Top of INPUT DATA

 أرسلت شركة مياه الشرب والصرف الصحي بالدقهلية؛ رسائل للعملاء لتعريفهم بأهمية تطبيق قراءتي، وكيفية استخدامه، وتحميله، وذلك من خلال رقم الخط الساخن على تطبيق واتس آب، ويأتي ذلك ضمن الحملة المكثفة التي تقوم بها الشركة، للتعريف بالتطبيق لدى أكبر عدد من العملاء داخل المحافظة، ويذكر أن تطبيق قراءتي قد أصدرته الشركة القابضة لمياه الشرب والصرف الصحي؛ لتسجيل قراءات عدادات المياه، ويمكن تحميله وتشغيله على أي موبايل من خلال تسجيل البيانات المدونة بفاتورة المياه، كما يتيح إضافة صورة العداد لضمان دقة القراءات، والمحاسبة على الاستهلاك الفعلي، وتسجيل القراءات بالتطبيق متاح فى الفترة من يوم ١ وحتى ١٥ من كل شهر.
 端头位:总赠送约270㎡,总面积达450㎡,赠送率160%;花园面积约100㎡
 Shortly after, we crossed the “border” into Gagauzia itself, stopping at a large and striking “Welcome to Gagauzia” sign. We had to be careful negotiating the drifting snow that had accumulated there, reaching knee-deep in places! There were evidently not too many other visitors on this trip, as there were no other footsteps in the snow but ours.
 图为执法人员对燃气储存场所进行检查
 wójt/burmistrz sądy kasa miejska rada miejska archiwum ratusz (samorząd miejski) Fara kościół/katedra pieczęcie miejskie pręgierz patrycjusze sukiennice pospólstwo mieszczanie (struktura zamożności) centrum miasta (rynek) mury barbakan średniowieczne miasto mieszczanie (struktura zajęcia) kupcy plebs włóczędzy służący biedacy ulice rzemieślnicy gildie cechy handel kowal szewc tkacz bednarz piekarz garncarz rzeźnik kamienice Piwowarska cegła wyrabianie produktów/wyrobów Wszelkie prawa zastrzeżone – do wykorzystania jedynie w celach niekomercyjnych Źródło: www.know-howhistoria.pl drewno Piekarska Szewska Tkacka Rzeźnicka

Bottom of INPUT DATA
Top of INPUT DATA

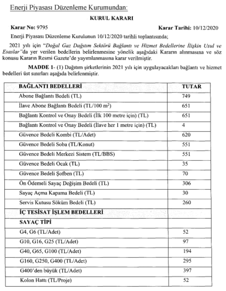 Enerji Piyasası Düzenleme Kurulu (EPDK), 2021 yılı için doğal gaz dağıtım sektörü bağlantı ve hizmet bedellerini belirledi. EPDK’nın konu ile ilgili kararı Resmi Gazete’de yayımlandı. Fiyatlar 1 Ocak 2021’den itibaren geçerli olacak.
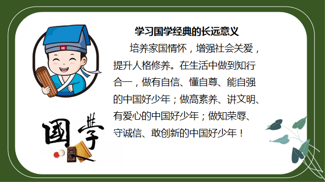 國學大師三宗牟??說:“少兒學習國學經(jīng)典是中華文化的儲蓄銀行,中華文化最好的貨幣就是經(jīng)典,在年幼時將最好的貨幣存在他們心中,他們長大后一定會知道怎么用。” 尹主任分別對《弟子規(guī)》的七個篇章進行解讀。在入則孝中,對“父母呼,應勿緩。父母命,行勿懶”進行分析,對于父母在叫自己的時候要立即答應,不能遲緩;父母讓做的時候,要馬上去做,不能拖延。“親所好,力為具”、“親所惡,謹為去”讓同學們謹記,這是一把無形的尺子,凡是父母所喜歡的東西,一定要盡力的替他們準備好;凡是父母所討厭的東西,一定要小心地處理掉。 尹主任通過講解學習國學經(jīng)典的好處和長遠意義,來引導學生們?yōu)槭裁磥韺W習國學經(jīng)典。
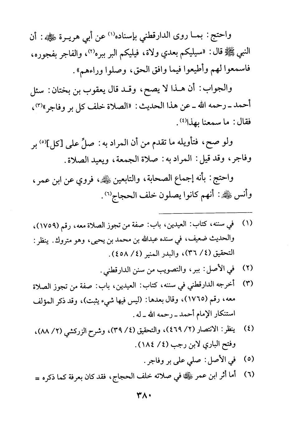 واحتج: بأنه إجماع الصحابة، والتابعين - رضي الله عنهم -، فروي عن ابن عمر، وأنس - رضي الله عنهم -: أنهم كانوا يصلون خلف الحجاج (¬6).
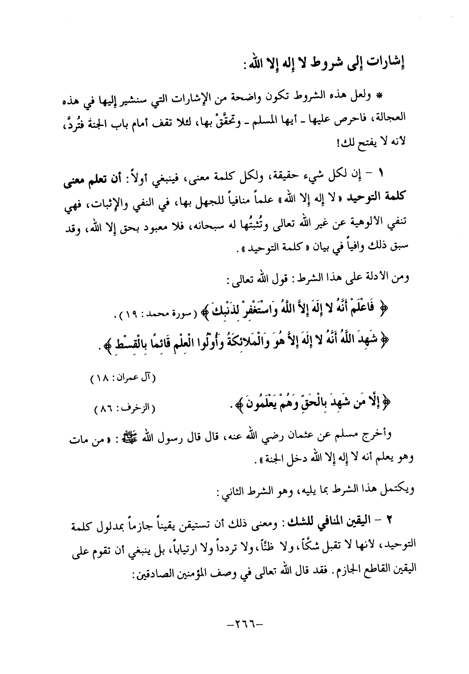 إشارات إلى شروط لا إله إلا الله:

Bottom of INPUT DATA

GOAL OF THE EXERCISE
In the listing above, find the line containing "واحتج: بأنه إجماع" and the line containing "إشارات إلى شروط". Reproduce those lines and all between them exactly, with no pictures and nothing more.

ANSWER TO THE PROBLEM
 واحتج: بأنه إجماع الصحابة، والتابعين - رضي الله عنهم -، فروي عن ابن عمر، وأنس - رضي الله عنهم -: أنهم كانوا يصلون خلف الحجاج (¬6).
 إشارات إلى شروط لا إله إلا الله:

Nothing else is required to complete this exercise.